I went through the long price history of this unit when I touched on it in August. Here is one excerpt from that earlier post:

This listing is relatively new with Sotheby’s, but not new to the market, as it is now on its third firm since June 2006. It started then at $6.85mm and bounced down to the $5.3mm that [Danielle] Wiedemann started it at in June this year before raising it to $5.57mm after four weeks on the market.
Even fully renovated lofts have not commanded much of a premium in this building. #3F was said to be “fully renovated” (with marketing pictures to back that up) when it closed in January at $2.4mm for its “2,700 sq ft”. #6R is now pushing for a premium, but that is described as “[m]asterfully renovated with no expense spared, [a] gorgeous triple-mint loft offer[ing] approximately 2600 square feet of unique luxury living“, and asking $3.125mm – barely $1,150/ft.

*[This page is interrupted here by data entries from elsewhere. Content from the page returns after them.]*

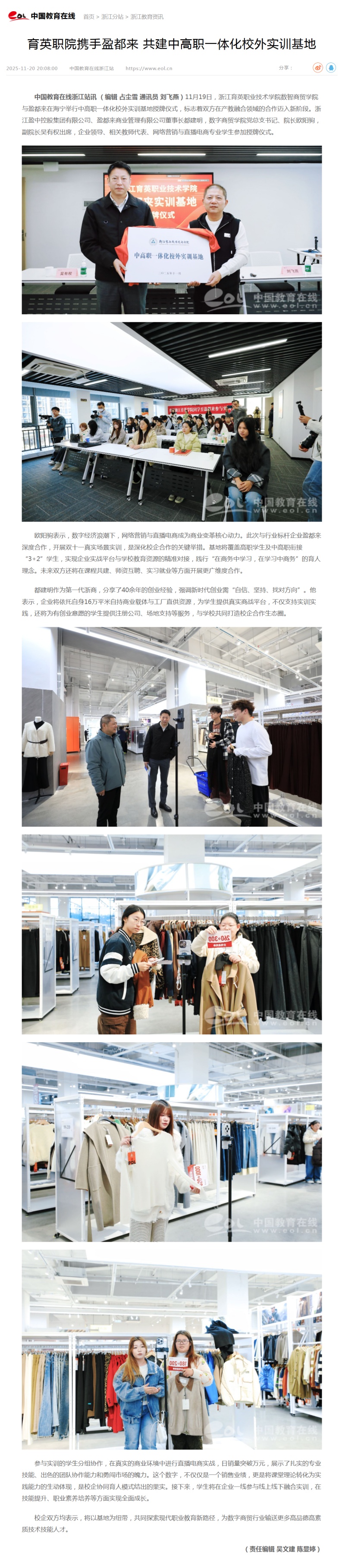 星空国际游戏厅浙江站讯 (编辑 占尘雪 通讯员 刘飞燕)11月19日,浙江育英职业技术学院数智商贸学院与盈都来在海宁举行中高职一体化校外实训基地授牌仪式,标志着双方在产教融合领域的合作迈入新阶段。浙江盈中控股集团有限公司、盈都来商业管理有限公司董事长都建明,数字商贸学院党总支书记、院长欧阳驹,副院长吴有权出席,企业领导、相关教师代表、网络营销与直播电商专业学生参加授牌仪式。
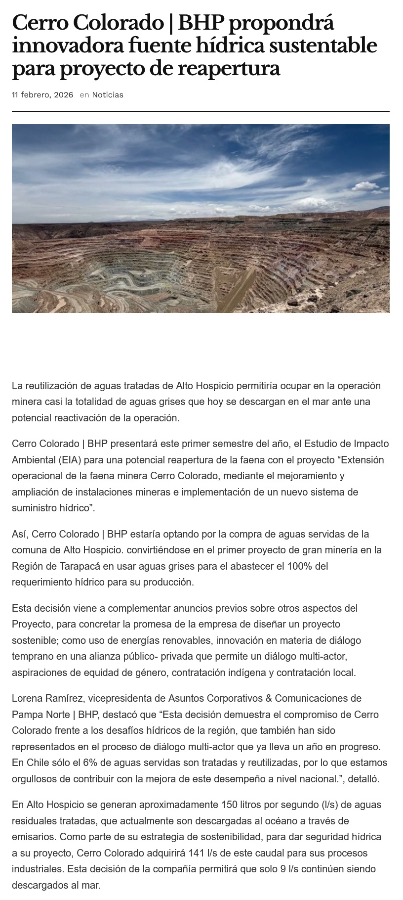 Cerro Colorado | BHP propondrá innovadora fuente hídrica sustentable para proyecto de reapertura - (minerialocal.cl)
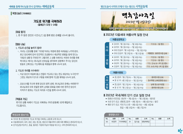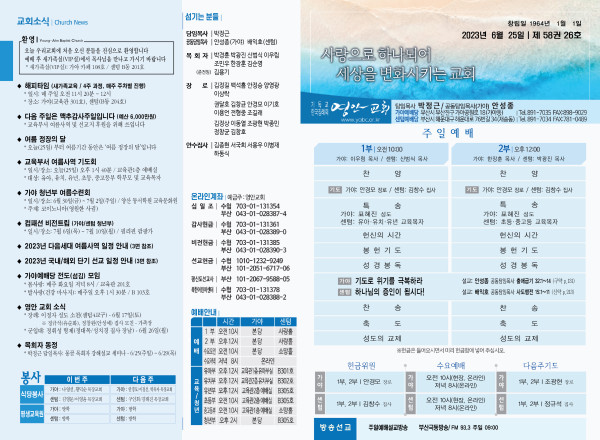 2023년 6월 25일 주보 (가야예배당) 페이지 정보 작성자 관리지기 작성일23-06-24 11:02 조회3,967회 댓글0건 관련링크 목록 본문 * 2023년 6월 25일 주보 (가야예배당) 댓글목록 등록된 댓글이 없습니다. 목록
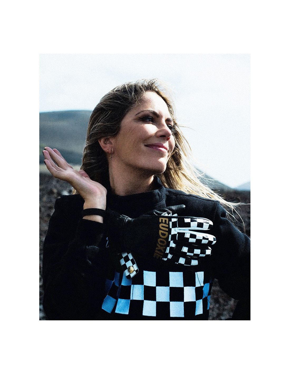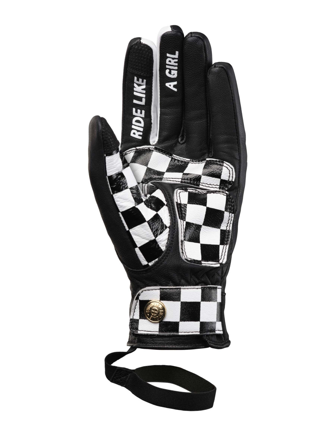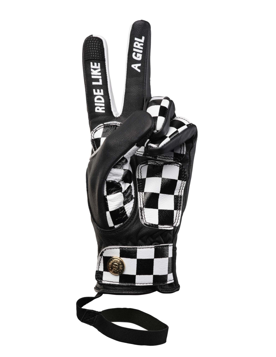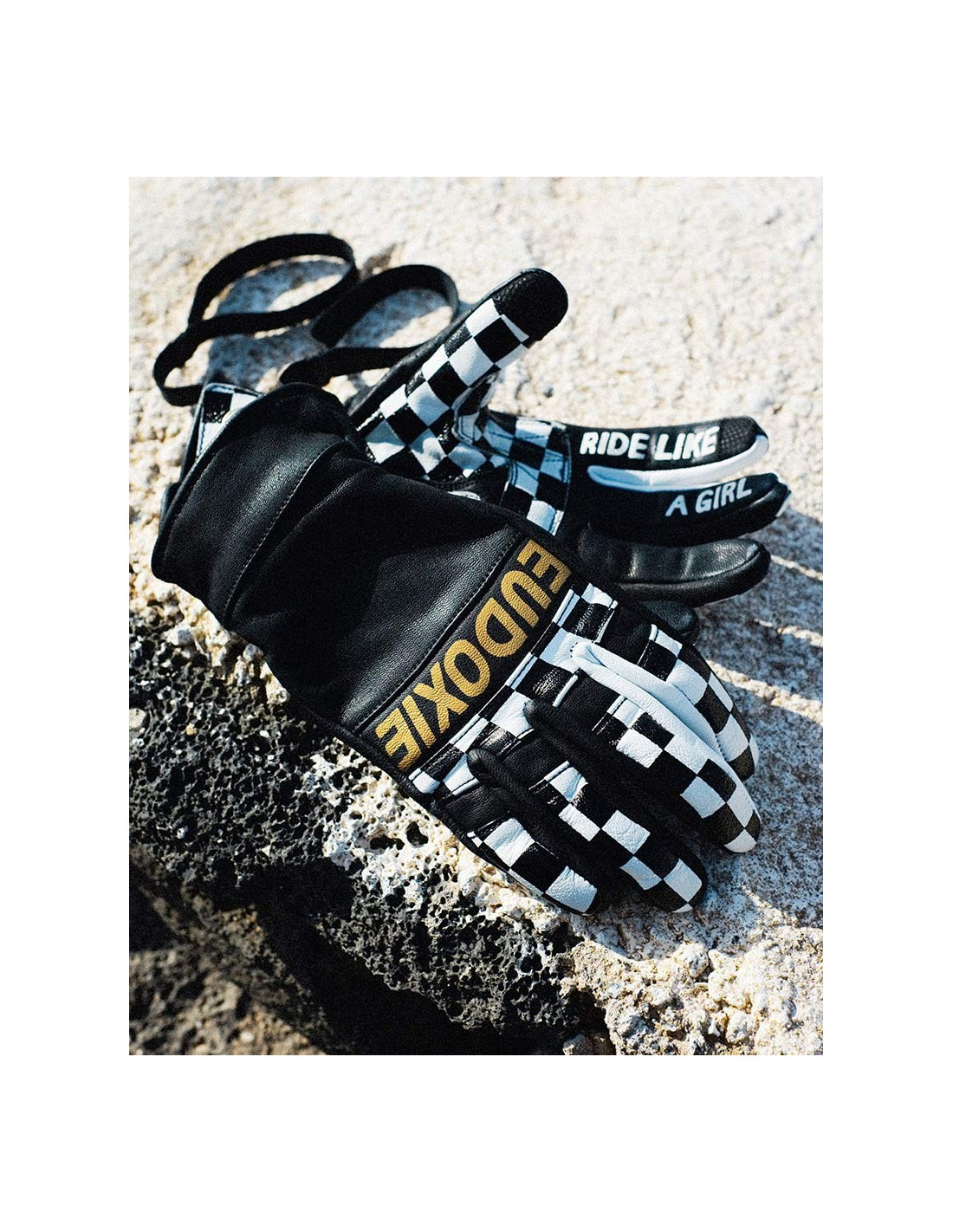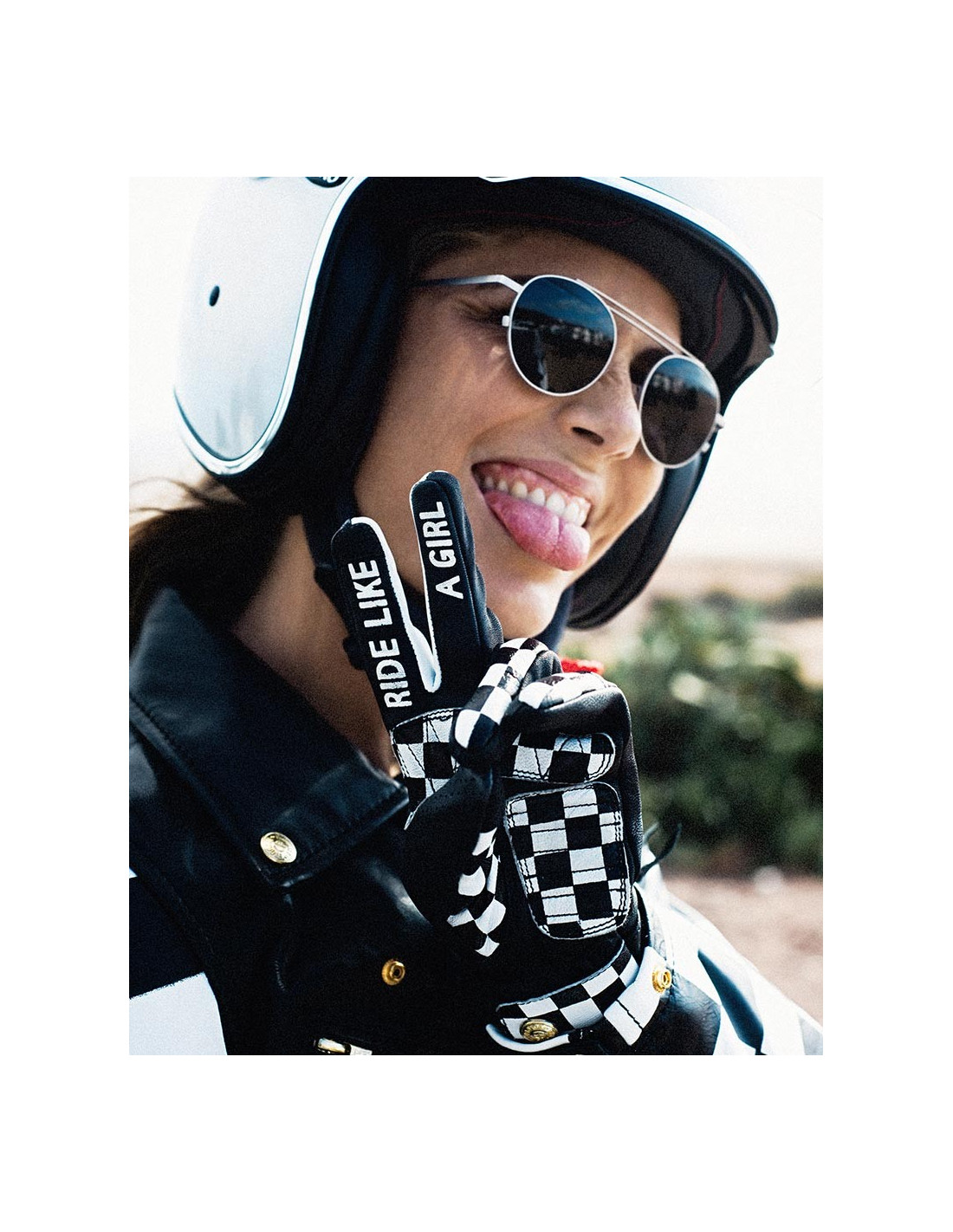 Sur la main gauche, celle utilisée pour faire le fameux “V” qui permet de saluer les autres motards, nous avons voulu rajouter notre touche “Eudoxie”. Vous pourrez y lire notre fameuse phrase “Ride Like a Girl” comme une signature de notre crew, et une salutation lorsque tu roules !

Dropping a million bucks off the price of a “4,100 sq ft” loft is a big step in the right direction, correcting the imbalance between this one (which has to need a lot of work) and
#6R, which has not sold yet at $1,150/ft (asking $3.125mm for “2,600 sq ft”).

basta?
I tend to think that is still not enough of a spread, but I must applaud the heft of a seven-figure price drop.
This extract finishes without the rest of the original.